To have all that bike mending outside the warehouse in plain view from the sidewalk throws an interesting light on last week’s SDOT’s quarterly bike share report.  SDOT field audits for the second quarter of 2019 found safety maintenance issues on 2% of Lime Bikes and a further 5.6% of Lime bikes not meeting SDOT’s standards of good working order. That would extrapolate to about 200 bikes if Lime has 2,500 bikes in service in Seattle. Maybe some of those bikes, or ones like them, were now these bikes in Ballard, getting first aid or major surgery from the bike medics under the pop-up tents in the parking lot. A closer look at the bikes themselves might reveal a lot about how fate and hard use treat a bike-share bike in Seattle.

More intriguing, however, are some other dots, maybe connected, maybe not.  The same night the bike batteries ignited in the Lime Bike Ballard warehouse, a passerby video caught some spectacular Lime Bike battery pyrotechnics on the UW campus, sparking reports of Seattle Fire Department concerns about increased fires from proliferation of all sorts of devices, from smart phones to hoverboards, using lithium-ion batteries. A call to the Lime Bike spokesperson whose number I was given to get answers to my questions has not been returned. 

E-bike battery fire news has been a bit of a rage lately, not just from Seattle, but from the  East Coast and San Francisco. But most of the battery-fire news is currently coming from the e-scooter world that Seattle has not yet entered.  Last fall Lime took 2,000 e-scooters out of service in an “abundance of caution” over fire risks from a potential battery manufacturing defect, according to the Washington Post.  Meanwhile, only ten days ago e-scooter competitor Skip’s scooters were returned to Washington D.C. streets after a fire-related fleet grounding last May.
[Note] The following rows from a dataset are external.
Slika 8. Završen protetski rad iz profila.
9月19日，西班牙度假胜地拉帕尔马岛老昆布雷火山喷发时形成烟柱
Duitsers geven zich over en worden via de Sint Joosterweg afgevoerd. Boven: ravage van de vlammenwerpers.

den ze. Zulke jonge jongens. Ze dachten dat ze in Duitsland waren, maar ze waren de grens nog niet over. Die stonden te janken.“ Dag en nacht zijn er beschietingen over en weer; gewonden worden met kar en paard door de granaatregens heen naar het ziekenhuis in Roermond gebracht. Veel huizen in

All of which prompts the question: are these batteries ready for prime time, particularly if they get banged up by careless riders or vandalized by the angry or the mischievous?  
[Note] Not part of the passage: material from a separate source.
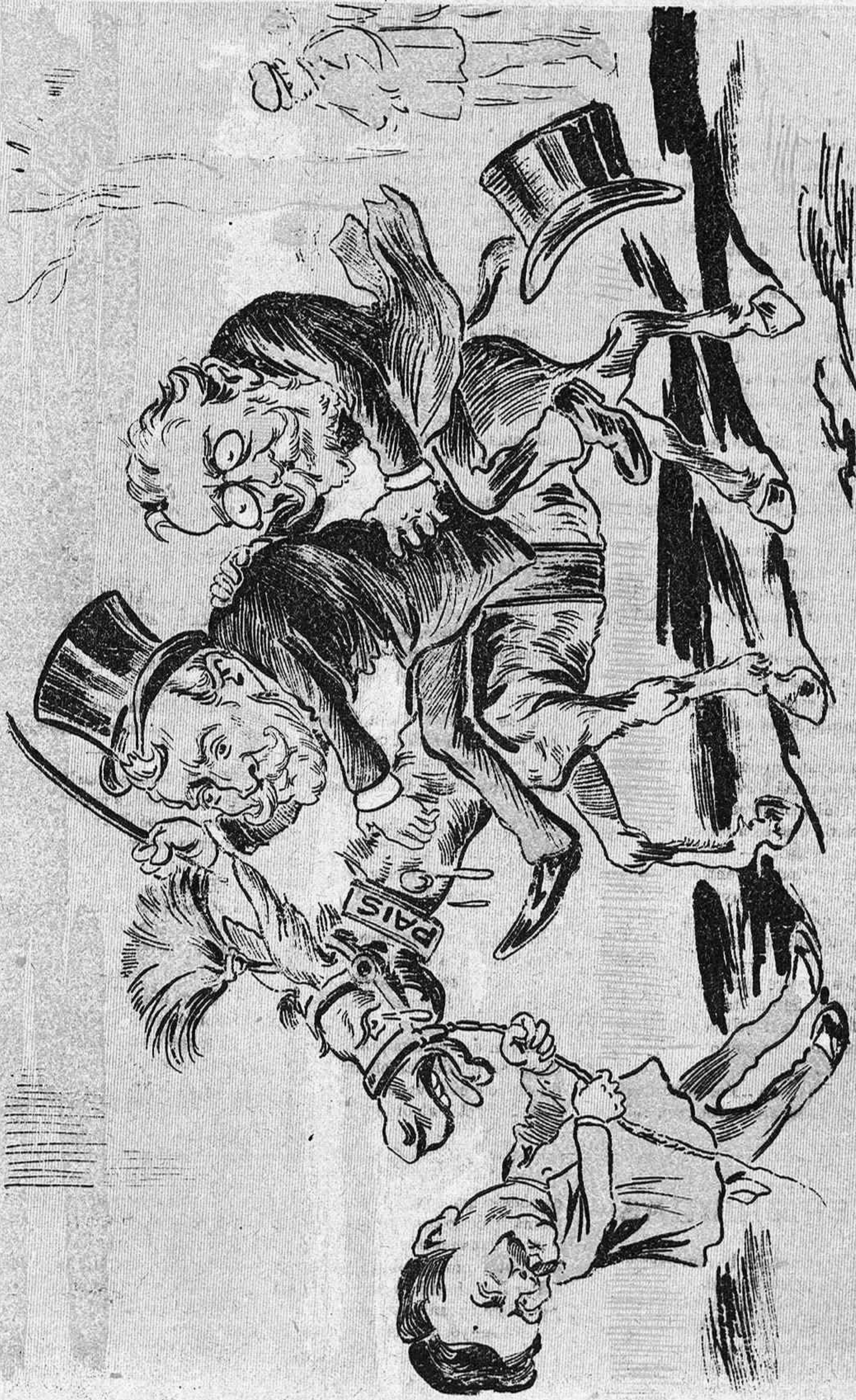
¡Pobre País! Fa molts anys que ab tu van als tres-toms la mateixa càfila de gitanos. ¡Fassi el Poble que aviat hi vagis montar ab la xicota que tu desitjas!

This is no idle question. SDOT just announced that its e-scooter program will finally roll out next spring after six-months due-diligence. SDOT hasn’t commented on the e-bike battery fires in context of its future e-scooter program, but the issue must be on their minds: “[SDOT Program Manager Joel] Miller says SDOT wants to see where battery technology evolves over the next six months.’”
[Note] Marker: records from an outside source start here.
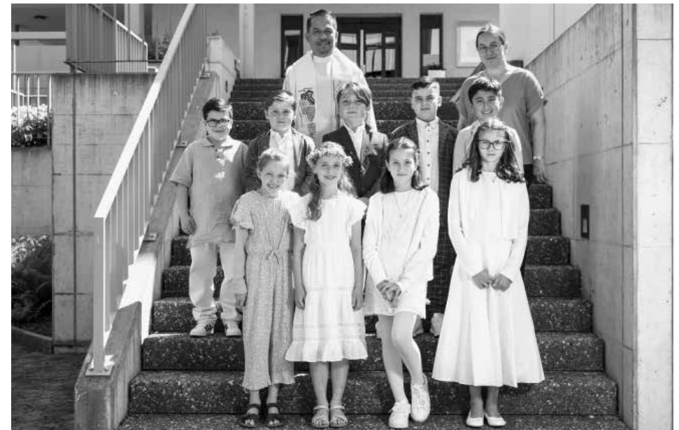
Zweite Gruppe Samstag, 14. Mai 2022
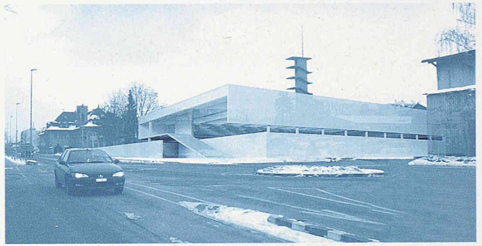
Die Eingangssituation mit der gedeckten Aussentreppe (1. Rang, GXM Architekten)

Vorschlag nach Meinung von Projektleiter Christian Stucki, weil er ein volumetrisch schönes Ensemble bildet. Um den Schlauchturm gruppieren sich die zwei bestehenden Bauten aus den 1960er-Jahren und die zwei neuen liegenden Volumen. Mit der umgebenden Mauer ist der Block auch schön abgeschlossen. Gleichzeitig rechnen die Veranstalter mit einer wirtschaftlichen Lösung.
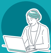
SBO 検定 1 級保持者
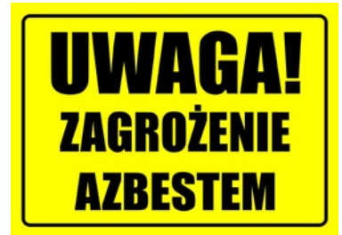
Rys. 2. Tablica informacyjna
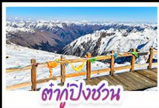
ต้ากู่ปิงชวณ
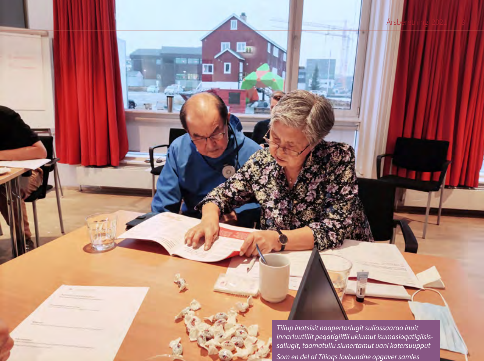
Tiliup inatsisit naapertorlugit suliassaaraa inuit innarluutillit peqatigiiffii ukiumut isumasioqatigiisis-sallugit, taamatullu siunertamut uani katersuupput Som en del af Tilioqs lovbundne opgaver samles handicapforeningerne en gang om året til et seminar.

Inuit innarluutillit illersuisuata suliassai pingaarnerit tassaap-put:

Evolves indeed. Sounds as if due diligence should be the order of the day.  

Image: Doug MacDonald

Doug MacDonald
Doug MacDonald
Doug MacDonald has served as chief executive in infrastructure agencies in Massachusetts (Greater Boston drinking water/wastewater) and Washington State (Secretary of Transportation, 2001-2007). His best job was fifty years ago as a rural extension agent in the Peace Corps in Malawi in southern Africa. He has written on the environment, transportation and politics for professional and general publications for many years.

3 COMMENTS

  1. About the coming of e-scooters (which I tried out myself within Belle Isle Park in Detroit, Michigan a few weeks ago, a city where several brands of them are available on sidewalks downtown), note this academic journal article describing that in Munich, Germany, a small sample of residents using electric scooters found that “a majority of daily trips is suitable for e-scooters and charging infrastructure is sufficient for this kind of vehicle, while subjective safety, weather conditions, and baggage capacity are restricting attributes.”
    “Usage of e-Scooters in Urban Environments” by Cornelius Hardt and Klaus Bogenberger in
    Transportation Research Procedia, Volume 37, 2019, Pages 155-16
    Full text at https://www.sciencedirect.com/science/article/pii/S2352146518305933

  2. e-Scooters, electric bikes, electric skateboards…..the cycling ethos that was supposed to get us out of our cars, get us some exercise and make us healthier has devolved into just another commercial enterprise that allows us to be as lazy as ever. Why is it that technology so often seems to lead us downhill not up?